• **The task**
What are the lines from the top of the entries below through the line containing "去年曝光后,當(dāng)?"? Return them exactly, both ends included, without the pictures.

Material for this task Block Start

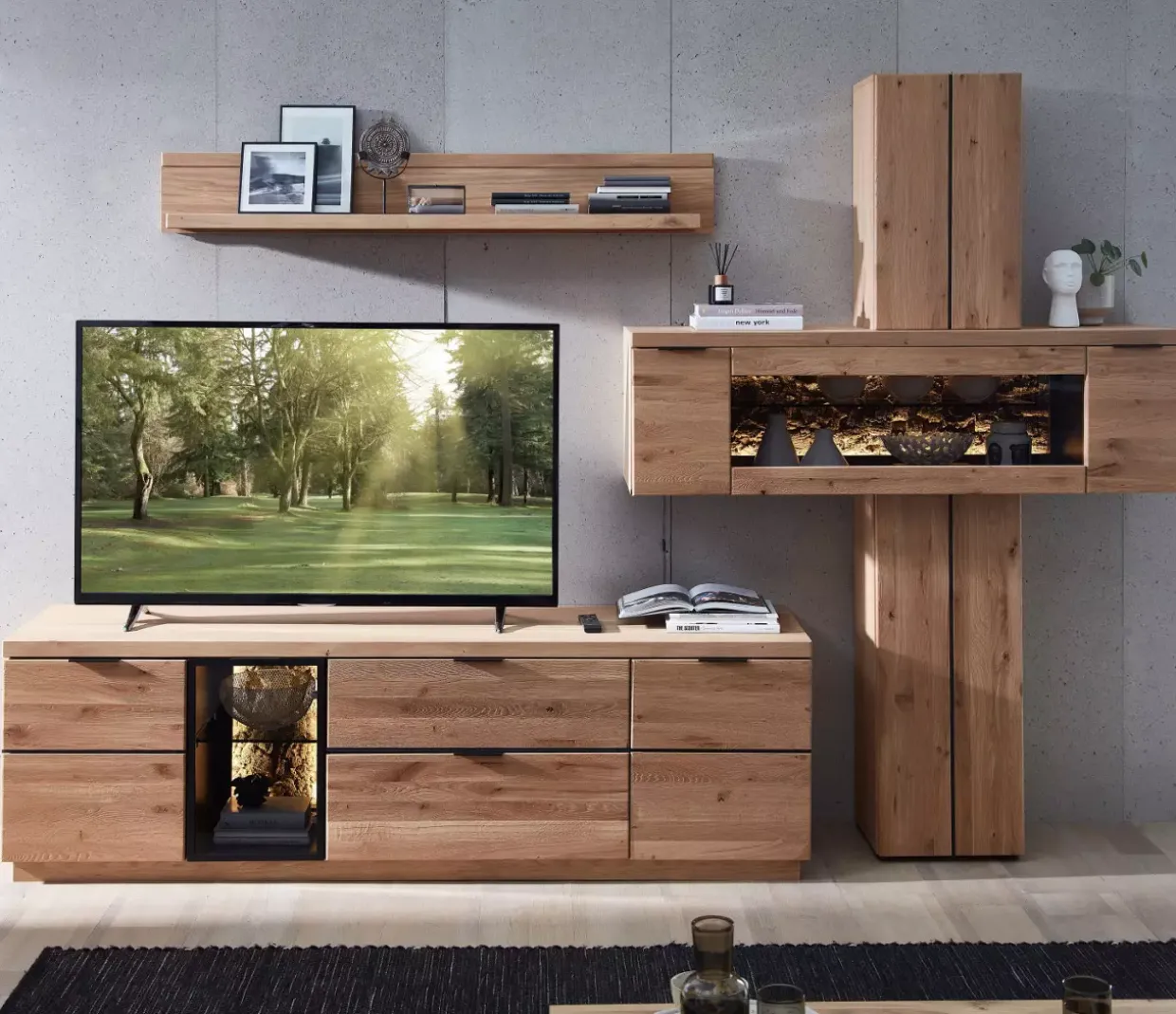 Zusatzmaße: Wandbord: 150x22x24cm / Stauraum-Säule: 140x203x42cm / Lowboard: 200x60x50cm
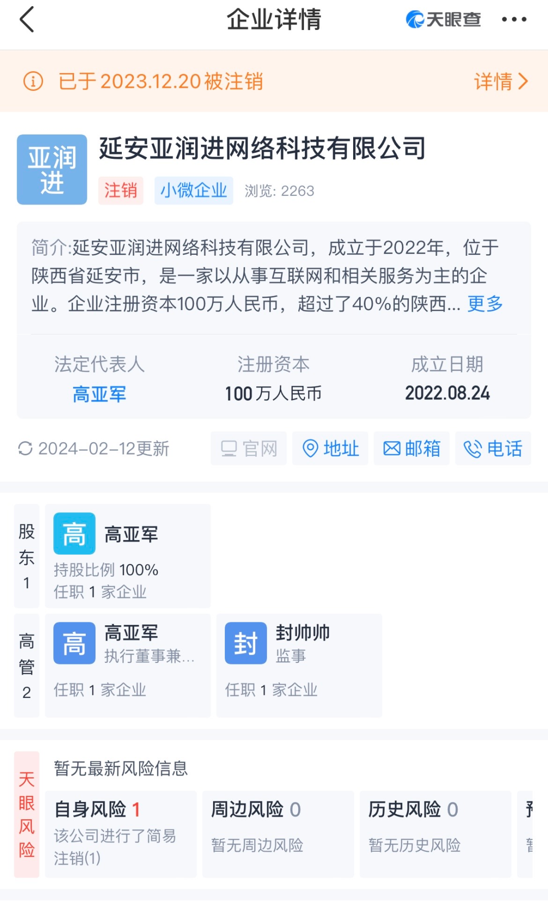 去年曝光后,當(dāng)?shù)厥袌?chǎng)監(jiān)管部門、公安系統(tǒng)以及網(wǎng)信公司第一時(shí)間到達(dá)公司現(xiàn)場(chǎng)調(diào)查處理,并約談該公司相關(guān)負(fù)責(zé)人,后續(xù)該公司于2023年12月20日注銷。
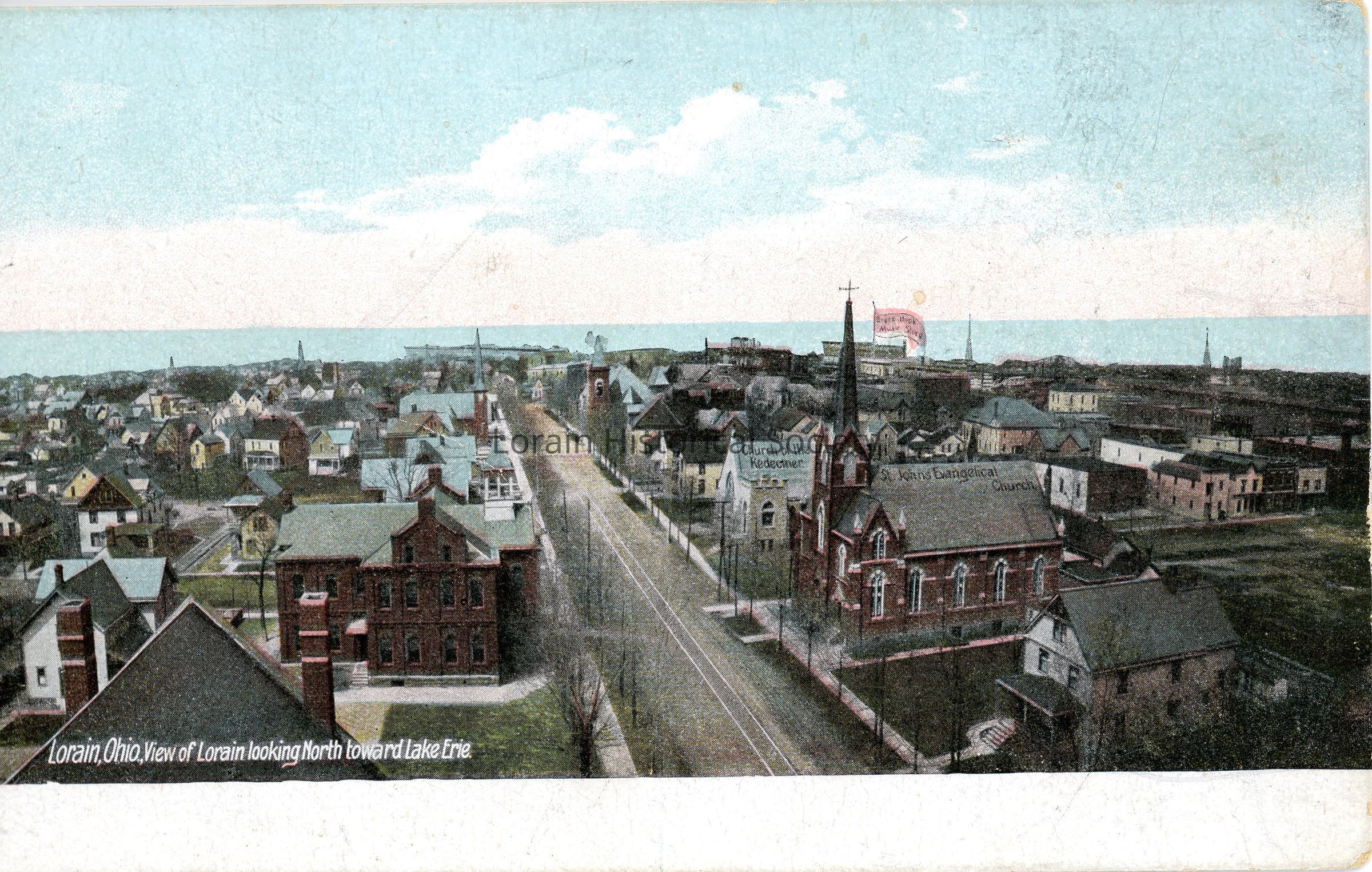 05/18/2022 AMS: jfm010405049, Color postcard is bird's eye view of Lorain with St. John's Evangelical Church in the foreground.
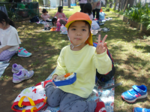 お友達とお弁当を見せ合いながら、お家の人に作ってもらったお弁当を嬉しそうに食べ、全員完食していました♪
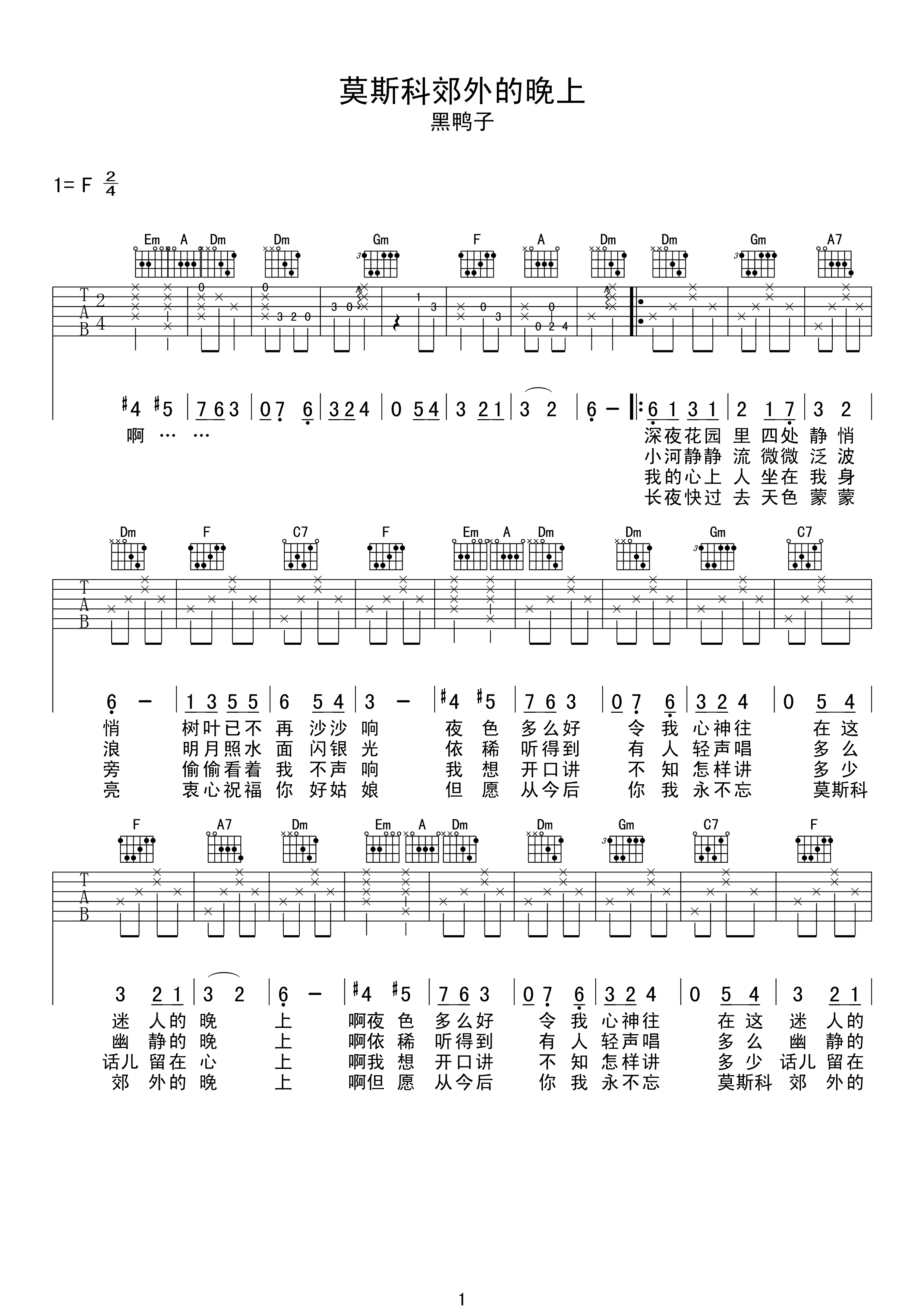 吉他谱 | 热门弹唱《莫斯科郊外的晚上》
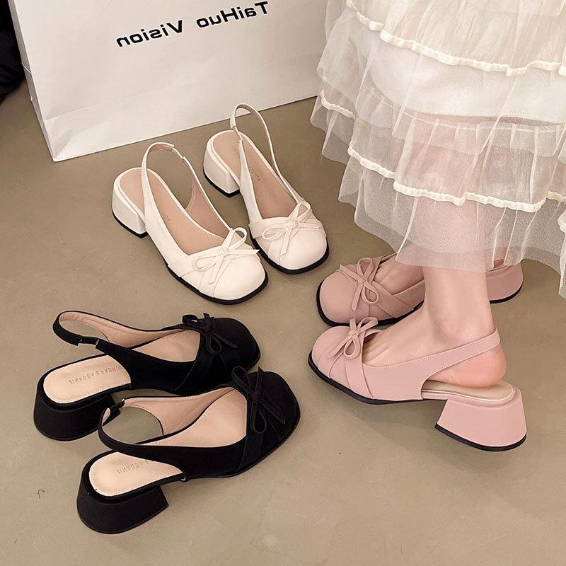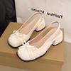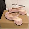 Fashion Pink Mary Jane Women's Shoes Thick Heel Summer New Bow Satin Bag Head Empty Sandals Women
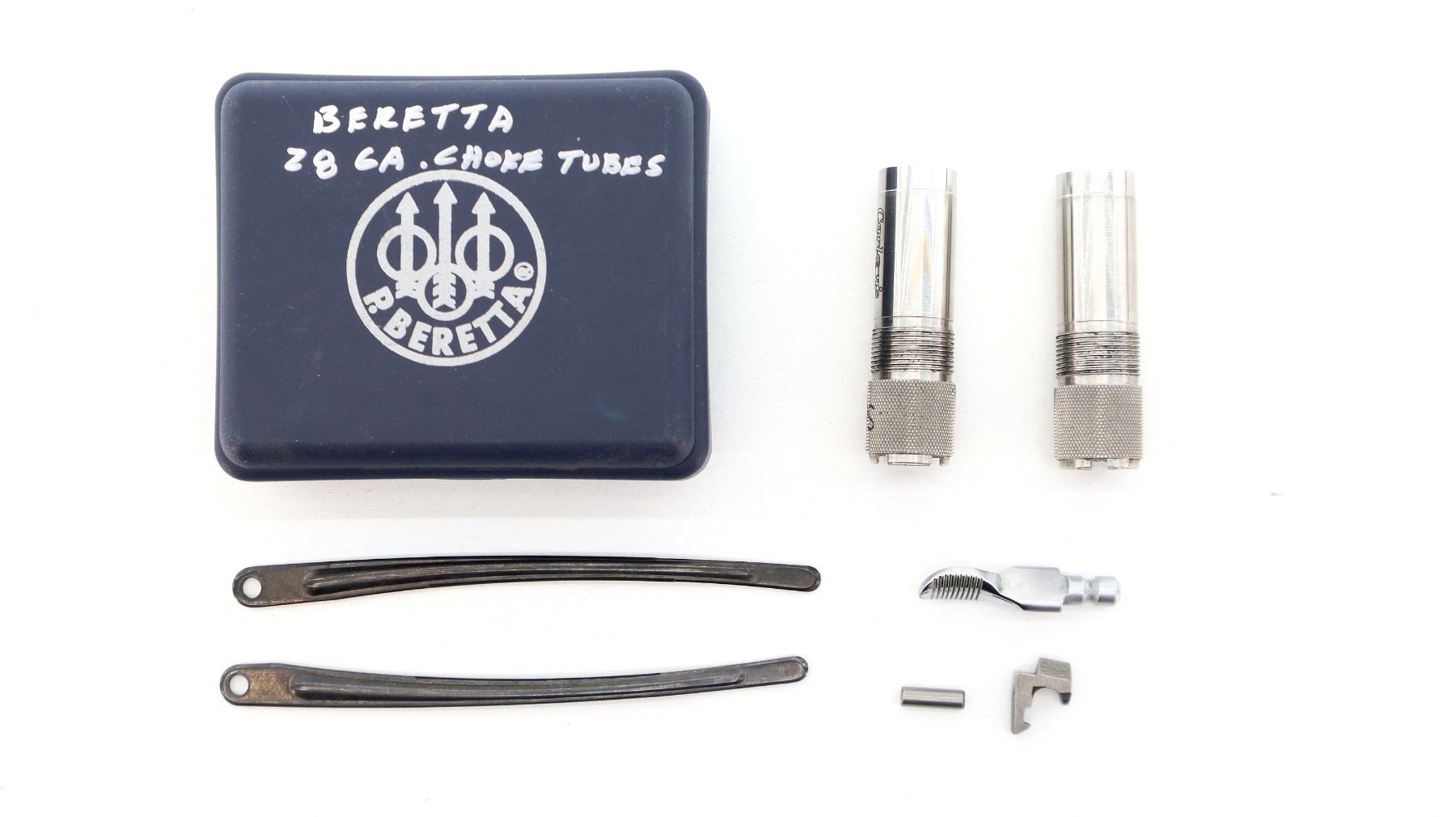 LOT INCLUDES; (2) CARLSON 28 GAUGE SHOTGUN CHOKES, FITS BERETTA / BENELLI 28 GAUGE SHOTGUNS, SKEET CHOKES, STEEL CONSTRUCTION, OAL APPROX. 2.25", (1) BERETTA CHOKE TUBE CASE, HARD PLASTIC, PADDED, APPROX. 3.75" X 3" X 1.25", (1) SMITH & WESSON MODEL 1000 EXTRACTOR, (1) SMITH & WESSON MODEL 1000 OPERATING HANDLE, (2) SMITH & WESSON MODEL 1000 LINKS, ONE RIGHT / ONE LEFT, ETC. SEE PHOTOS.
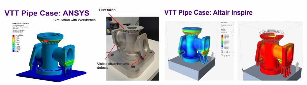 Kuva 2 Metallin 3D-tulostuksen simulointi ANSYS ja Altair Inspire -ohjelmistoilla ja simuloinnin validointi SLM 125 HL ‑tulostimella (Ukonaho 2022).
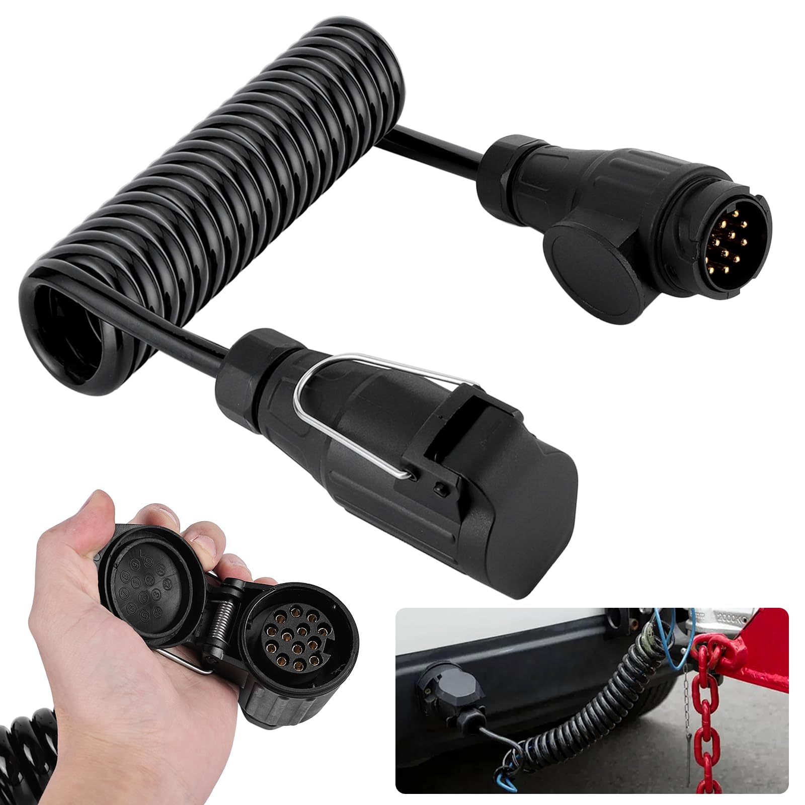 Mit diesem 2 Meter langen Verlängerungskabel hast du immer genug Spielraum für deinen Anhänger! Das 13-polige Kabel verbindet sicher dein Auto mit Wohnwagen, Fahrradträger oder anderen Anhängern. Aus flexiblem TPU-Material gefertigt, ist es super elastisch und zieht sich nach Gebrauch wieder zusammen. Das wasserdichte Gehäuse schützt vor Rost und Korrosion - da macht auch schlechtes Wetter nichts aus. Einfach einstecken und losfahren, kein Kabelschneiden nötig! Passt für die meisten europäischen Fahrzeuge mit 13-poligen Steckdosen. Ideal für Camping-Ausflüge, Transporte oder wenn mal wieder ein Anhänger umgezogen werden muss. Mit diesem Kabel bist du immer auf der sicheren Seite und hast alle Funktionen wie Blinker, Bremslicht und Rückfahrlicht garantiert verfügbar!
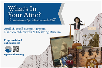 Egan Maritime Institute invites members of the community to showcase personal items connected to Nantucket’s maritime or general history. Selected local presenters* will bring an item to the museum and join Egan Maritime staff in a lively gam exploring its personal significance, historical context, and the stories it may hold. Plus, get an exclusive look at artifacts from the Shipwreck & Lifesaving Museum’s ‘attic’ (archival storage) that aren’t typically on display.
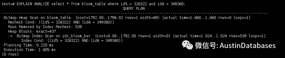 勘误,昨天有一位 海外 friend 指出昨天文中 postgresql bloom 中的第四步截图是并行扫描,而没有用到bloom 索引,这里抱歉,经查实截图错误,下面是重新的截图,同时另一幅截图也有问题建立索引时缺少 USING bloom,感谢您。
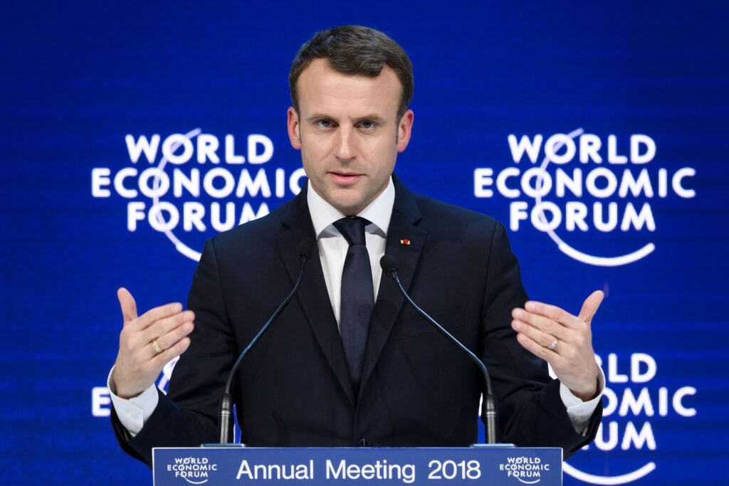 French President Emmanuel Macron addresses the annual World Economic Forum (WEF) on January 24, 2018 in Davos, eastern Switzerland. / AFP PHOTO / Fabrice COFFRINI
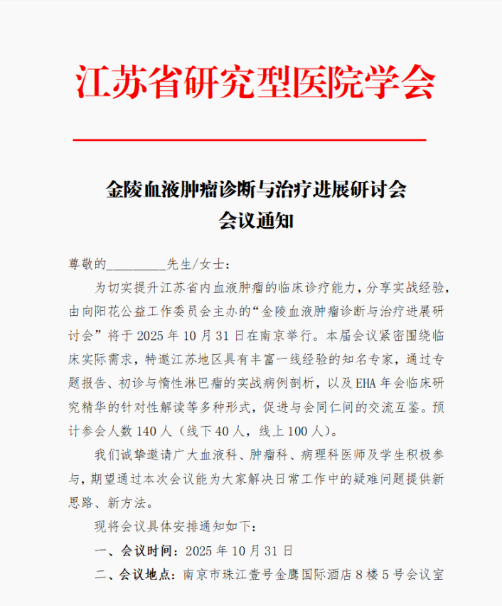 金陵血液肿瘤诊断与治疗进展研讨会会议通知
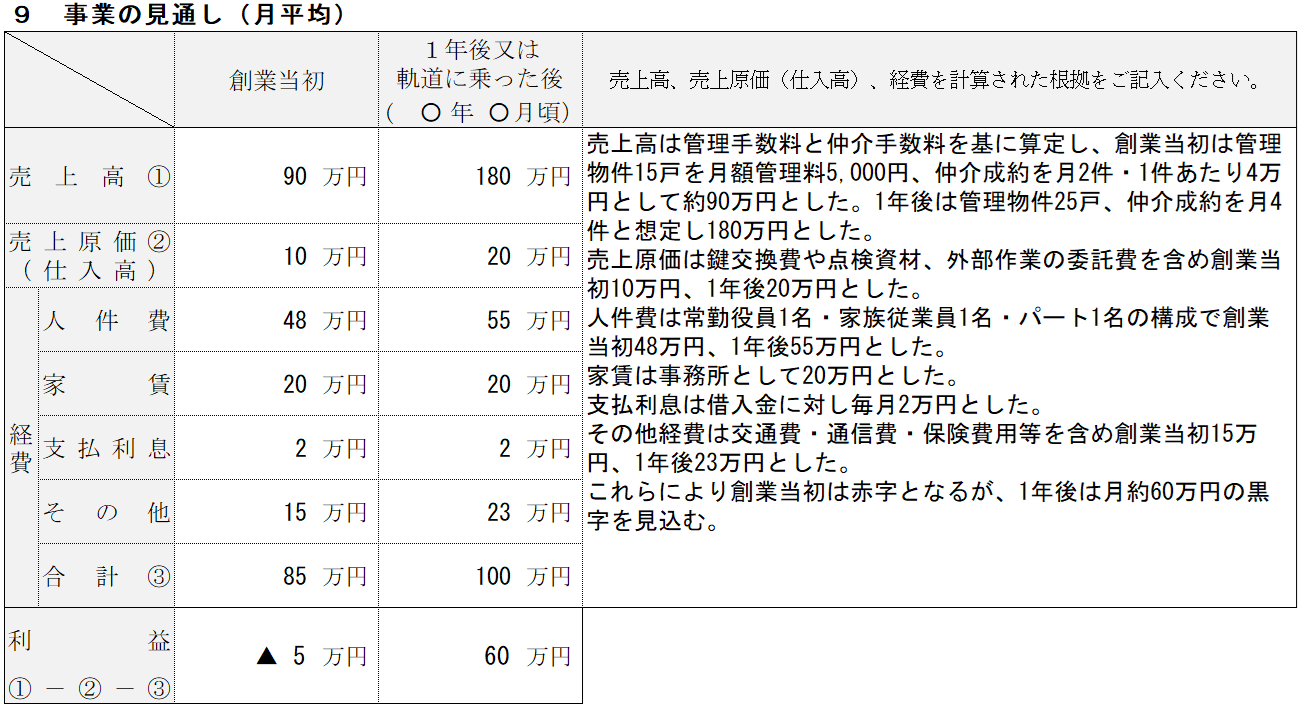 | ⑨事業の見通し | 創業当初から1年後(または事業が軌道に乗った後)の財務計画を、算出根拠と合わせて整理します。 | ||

Material for this task Block End

• **Result for this exercise**
 Zusatzmaße: Wandbord: 150x22x24cm / Stauraum-Säule: 140x203x42cm / Lowboard: 200x60x50cm
 去年曝光后,當(dāng)?shù)厥袌?chǎng)監(jiān)管部門、公安系統(tǒng)以及網(wǎng)信公司第一時(shí)間到達(dá)公司現(xiàn)場(chǎng)調(diào)查處理,并約談該公司相關(guān)負(fù)責(zé)人,后續(xù)該公司于2023年12月20日注銷。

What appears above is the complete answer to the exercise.